The call to `Problem()` still does not actually _solve_ our
optimization problem. That only happens with the call to `solve()`.
```{r}
solution2.1 <- solve(prob2.1)
```
Behind the scenes, this call translates the problem into a format that
a convex solver can understand, feeds the problem to the solver, and
then returns the results in a list.
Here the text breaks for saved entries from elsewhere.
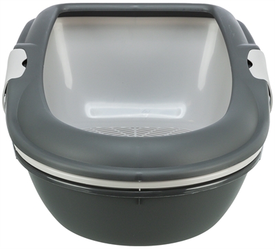 De Trixie Berto Kattenbak Met Scheidingssysteem Grijs/Patselblauw/Graniet 39X22X59 cm is een open kattenbak met een hygiënisch scheidingssysteem ter het eenvoudig verschonen van de kattenbak. De kattenbak bestaat uit verschillende lagen, namelijk twee bakken en een zeef. Door het grit uit de bovenste bak door de zeef in het midden heen in de onderste bak te gooien, kun je jouw grit zo eenvoudig hergebruiken zonder de klonten en ontlasting die door de zeef uitgefilterd zijn. Door de Easy Click-sluitingen is het zeer eenvoudig de bakken van elkaar los te maken en zijn deze ook gemakkelijk weer op elkaar te klikken. De opstaande rand zorgt bovendien dat er minder grit uit de kattenbak gegraven wordt.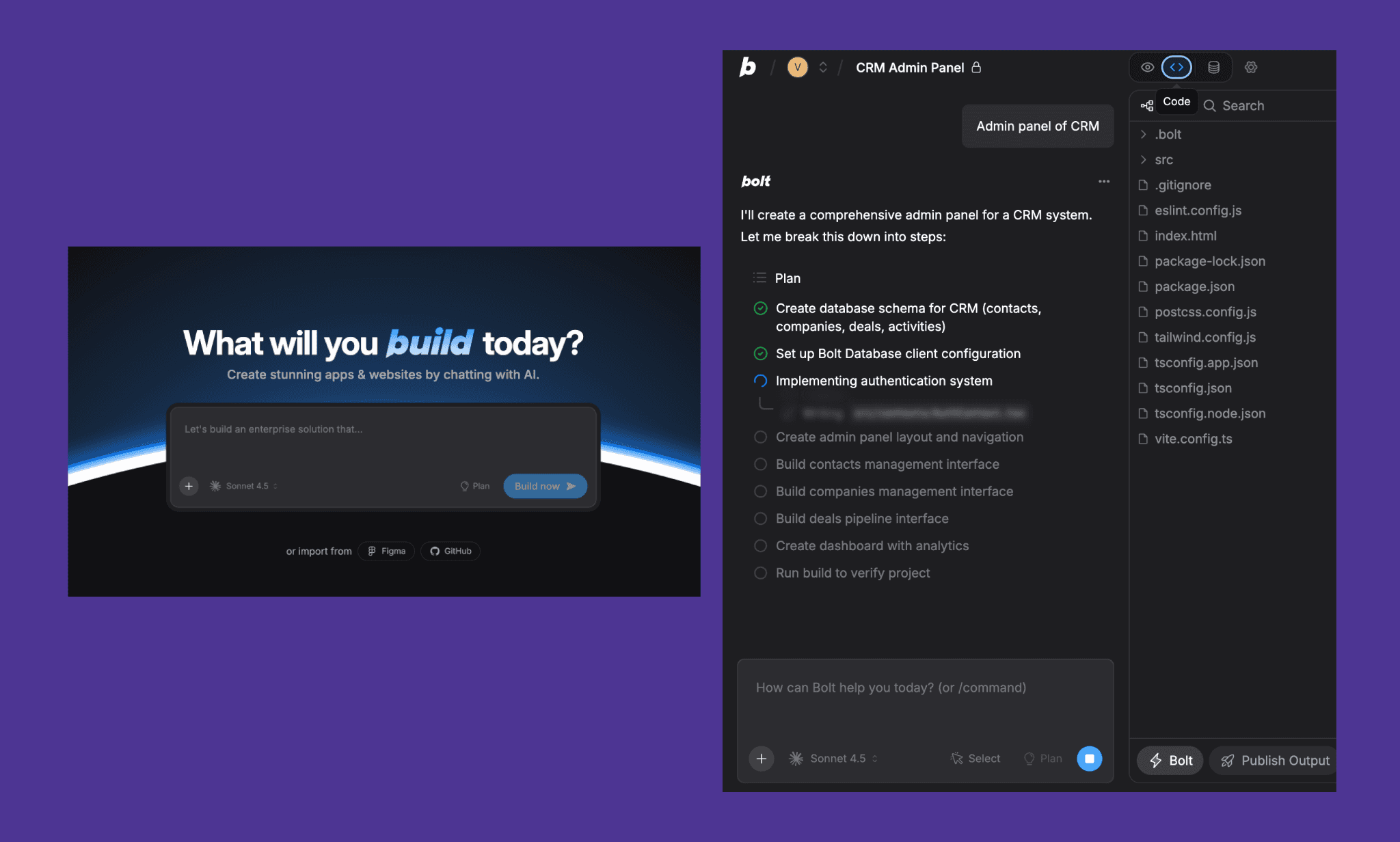 Bolt.new allows you to build entire apps in your browser. Front-end and backend deployment are also included. It’s great for quick prototyping and demos, where functionality is more important than design.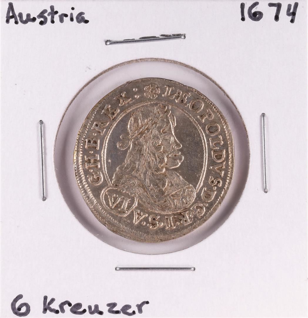 One 1674 Austria 6 Kreuzer Silver Coin.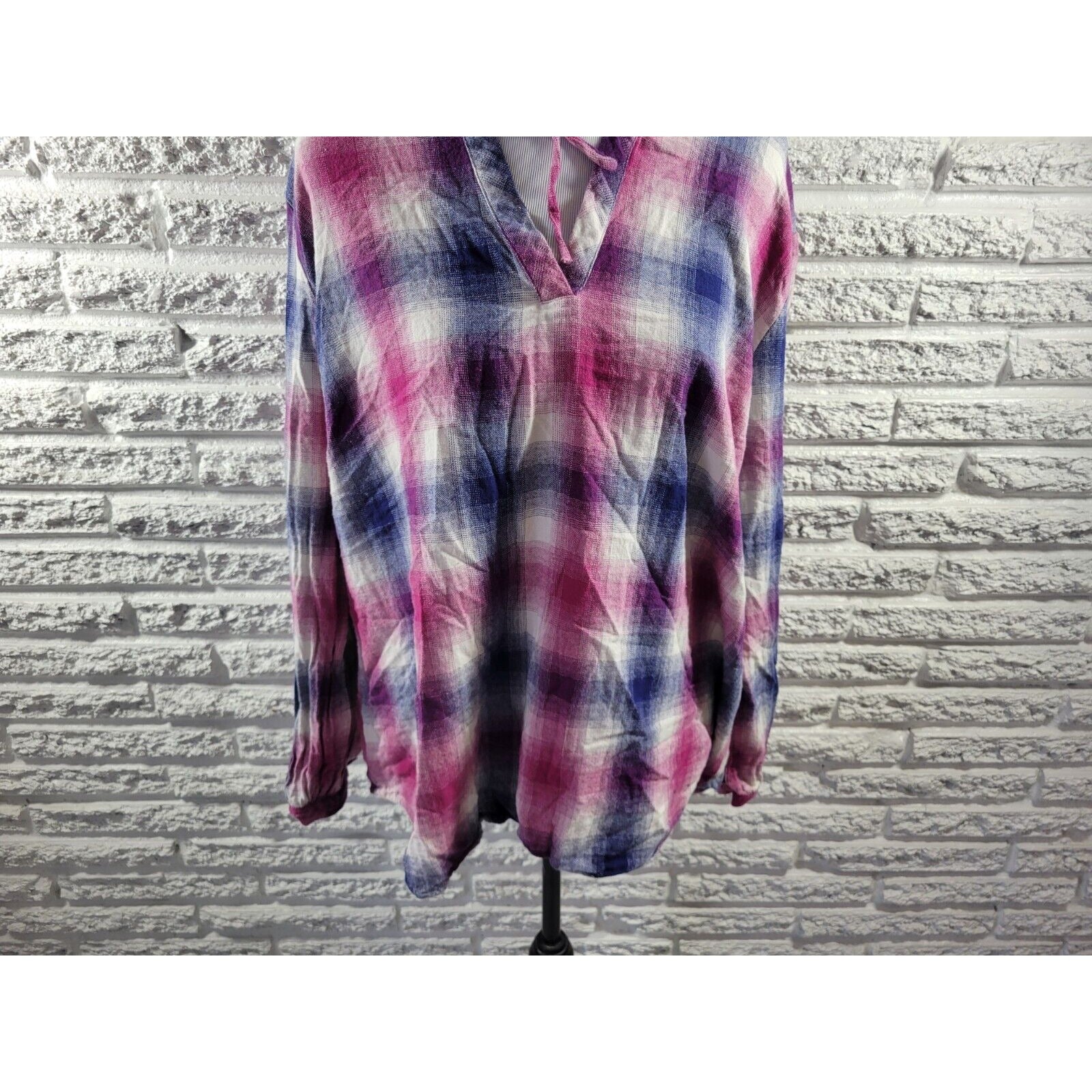 Bit Bridle Womens Top 2X Tunic Long Sleeve Purple Blue Plaid Cotton Keyhole

For this problem, the
list will contain among other things the optimal value of
the objective function `x^2 + y^2`, values for `x` and `y` that
achieve that optimal objective value (along with a function
`solution2.1$getValue` to retrieve them conveniently), and some
accompanying metadata such as `solution2.1$status`, which confirms
that the solution was indeed `"optimal"`.
```{r}
solution2.1$status
solution2.1$value
solution2.1$getValue(x)
solution2.1$getValue(y)
```
In general, when you apply the `solve()` method to a Problem, several
things can happen:
1. `solution$status == "optimal"`: The problem was solved. Values for
the optimization variables were found, which satisfy all of the
constraints and minimize/maximize the objective.
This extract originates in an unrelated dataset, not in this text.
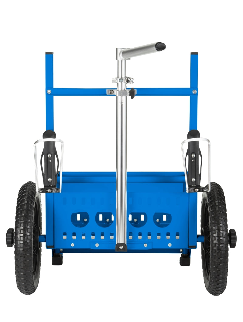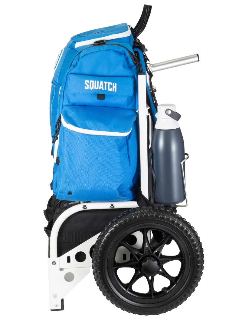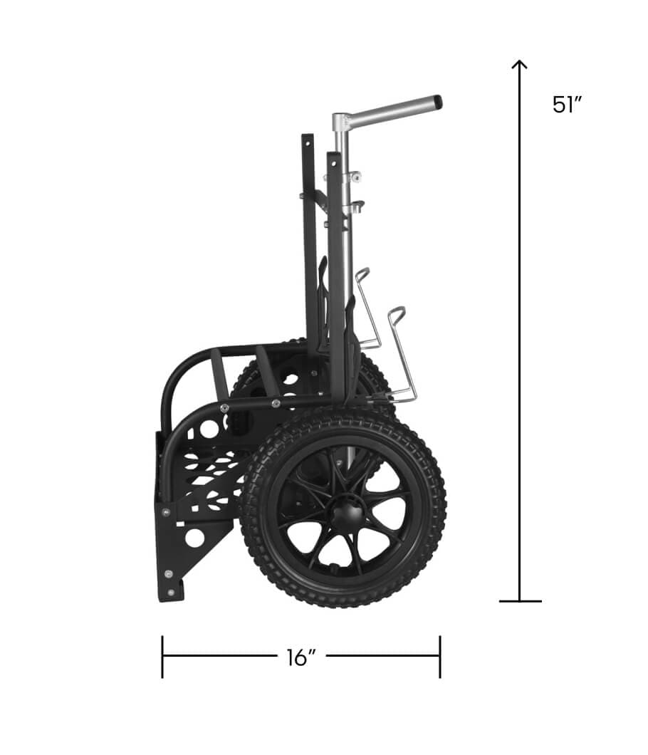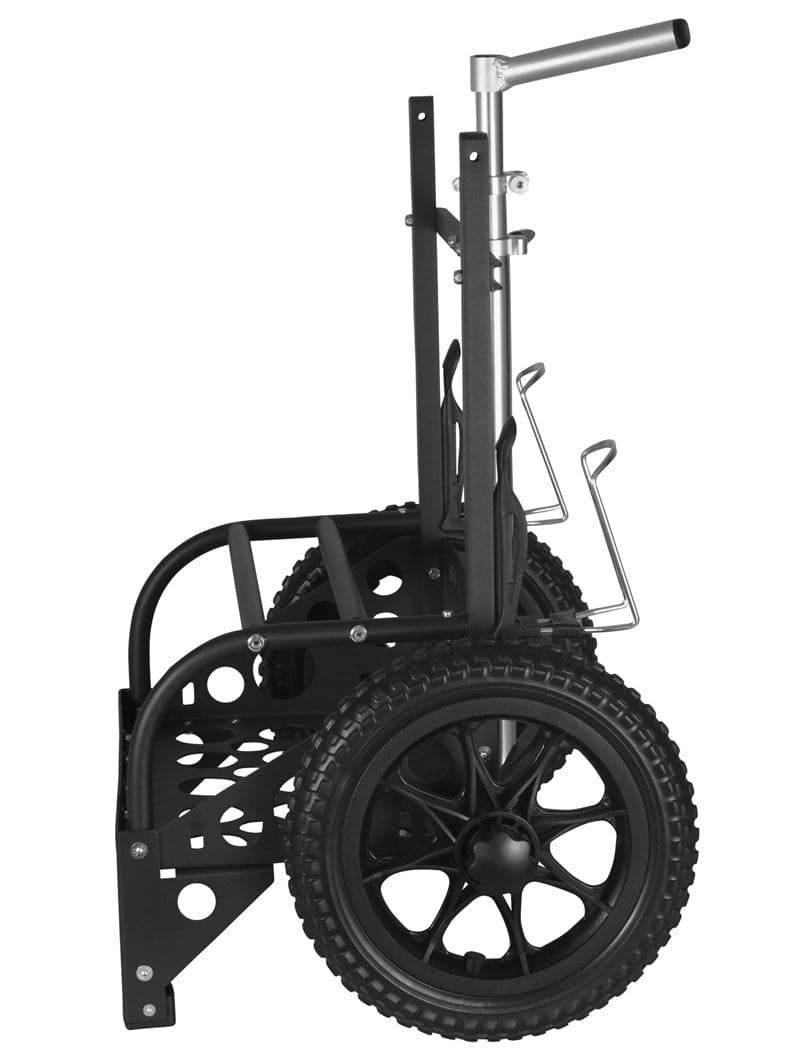 Our open-frame design provides expanded capacity to accommodate even the largest disc golf backpacks. The built-in bag support shelf improves accessibility to all your equipment and creates a separate storage area that provides flexibility to carry a variety of bags and equipment. Turn your favorite bag into a rolling backpack and go anywhere with less effort and stress. Travel with heavy gear on any terrain - from urban to suburban. Holds most disc golf bags with ease - even oversized models. This cart is NOT made to sit on.

2. `solution$status == "infeasible"`: The problem was _not_ solved
because no combination of input variables exists that can satisfy
all of the constraints. For a trivial example of when this might
happen, consider a problem with optimization variable `x`, and
constraints `x >= 1` and `x <= 0`. Obviously, no value of `x`
exists that can satisfy both constraints. In this case,
`solution$value` is `+Inf` for a minimization problem and `-Inf`
for a maximization problem, indicating infinite dissatisfaction
with the result. The values for the input variables are `NA`.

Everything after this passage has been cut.